"Je peux passer jusqu'à trois jours sans manger" : Demande d'aide pour une Cubaine et son fils ayant des problèmes mentaux à Holguín



Ancienne MaribelPhoto © Capture d'écran de la vidéo Facebook d'Angel Cardona

Une vieille dame et son fils souffrant de problèmes mentaux vivent une situation désespérée à San Germán, Holguín, sans nourriture, médicaments ni eau, et avec un foyer à bois qui ne s’allume pas toujours comme unique moyen de cuisiner.

Le cas de Maribel a été documenté dans une vidéo publiée le 29 mars dernier par Ángel Cardona sur Facebook, où la femme décrit sa situation avec une grande sincérité : "Je suis dans un état terrible, j'ai la tête complètement perdue. Aujourd'hui, nous n'avons même pas préparé à manger. Je peux passer jusqu'à trois jours sans manger."

Maribel est hypertendue et ne prend pas de médicaments - elle a besoin de captopril - depuis octobre dernier, car il n'est pas disponible dans les pharmacies et elle ne peut pas se le procurer sur le marché informel.

Son fils, qui souffre d'une maladie mentale, est à court d'amitriptyline - un antidépresseur tricyclique largement utilisé à Cuba - et d'acide folique, les médicaments de son traitement psychiatrique.

« Je n'ai rien pour stocker de l'eau, je n'ai pas de foyer pour cuisiner », a raconté la vieille femme, qui dépend de ses voisins pour lui apporter de la nourriture et des cubes d'eau pour survivre.

Son unique moyen de cuisson est un feu de bois, ce qui, pour une personne de son âge et de sa constitution physique, est ingérable : "Je dois être là comme je le suis, avec mes douleurs, à quatre pattes, à aider mon fils parce qu'il va tout faire à l'envers comme il a l'esprit."

Ángel Cardona a conclu son appel par une demande que l'État devrait prendre en compte, mais ne le fait pas : "Nous exhortons toute la communauté chrétienne, non chrétienne, à l'intérieur et à l'extérieur de Cuba, à apporter de l'aide, même un peu de nourriture pour Maribel.
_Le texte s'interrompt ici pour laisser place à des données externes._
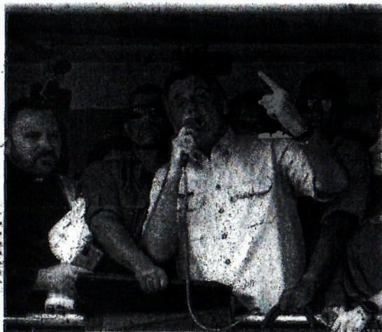
Bolsonaro durante 7 de setembro de 2021

Em plena ditadura, Médici fez do 7 de Setembro um dia

Toute aide est la bienvenue."

Le cas n'est pas une exception, mais plutôt l'expression la plus visible de l'effondrement du Système d'Assistance à la Famille (SAF), le réseau d'État conçu pour aider les personnes âgées seules, les personnes en situation de handicap et les malades chroniques sans soutien familial.

L'État cubain a reconnu qu'il n'a pas les ressources nécessaires pour s'occuper des personnes en situation de vulnérabilité extrême.

Des responsables du Travail et de la Sécurité Sociale ont admis en mars que l'État n'a pas de budget suffisant pour s'occuper de toutes les personnes vulnérables, tandis que le SAF reçoit entre sept et huit nouvelles demandes quotidiennes et est passé de 59 000 personnes en 2023 à environ 67 000 à la mi-2025.

Le budget alloué à l'assistance sociale pour 2026 s'élève à à peine 5,981 millions de pesos cubains, équivalent à environ 14,600 dollars, un montant dérisoire au regard de l'ampleur de la crise.

Les personnes atteintes de maladies mentales et leurs aidants représentent l'un des groupes les plus invisibilisés au sein de cette dégradation.

La pénurie de médicaments psychiatriques est chronique depuis 2020 -amitriptyline, risperidone, quétiapine- et s'est aggravée en 2024 et 2025, avec des hôpitaux qui ont fermé des services faute de médicaments et de personnel, et un système de santé mentale communautaire qui n'a jamais été solide et est aujourd'hui pratiquement démantelé.

San Germán appartient aux provinces orientales, historiquement les plus touchées par la pauvreté structurelle à Cuba, où de multiples cas de familles dans des conditions extrêmes, des personnes âgées survivant dans les ruines et des enfants malnutris sans soutien institutionnel ont été documentés.

Les morts par malnutrition à Cuba ont augmenté de 74 % entre 2022 et 2023, et 97 % des Cubains ont perdu la capacité d'accéder à des aliments de base depuis 2021, selon des enquêtes du Food Monitor Program.

La crise énergétique aggrave la situation : avec des coupures de courant atteignant un déficit de 2,025 mégawatts aux heures de pointe en mars, le foyer de bois est devenu le seul moyen de cuisson pour des millions de Cubains, y compris des malades et des personnes âgées qui ne peuvent pas l'utiliser en toute sécurité.

Plus de 50 % des foyers cubains reçoivent de l'eau tous les deux à quinze jours, ce qui transforme le manque de récipients pour la stocker - comme dans le cas de Maribel - en une privation ayant des conséquences directes sur la santé.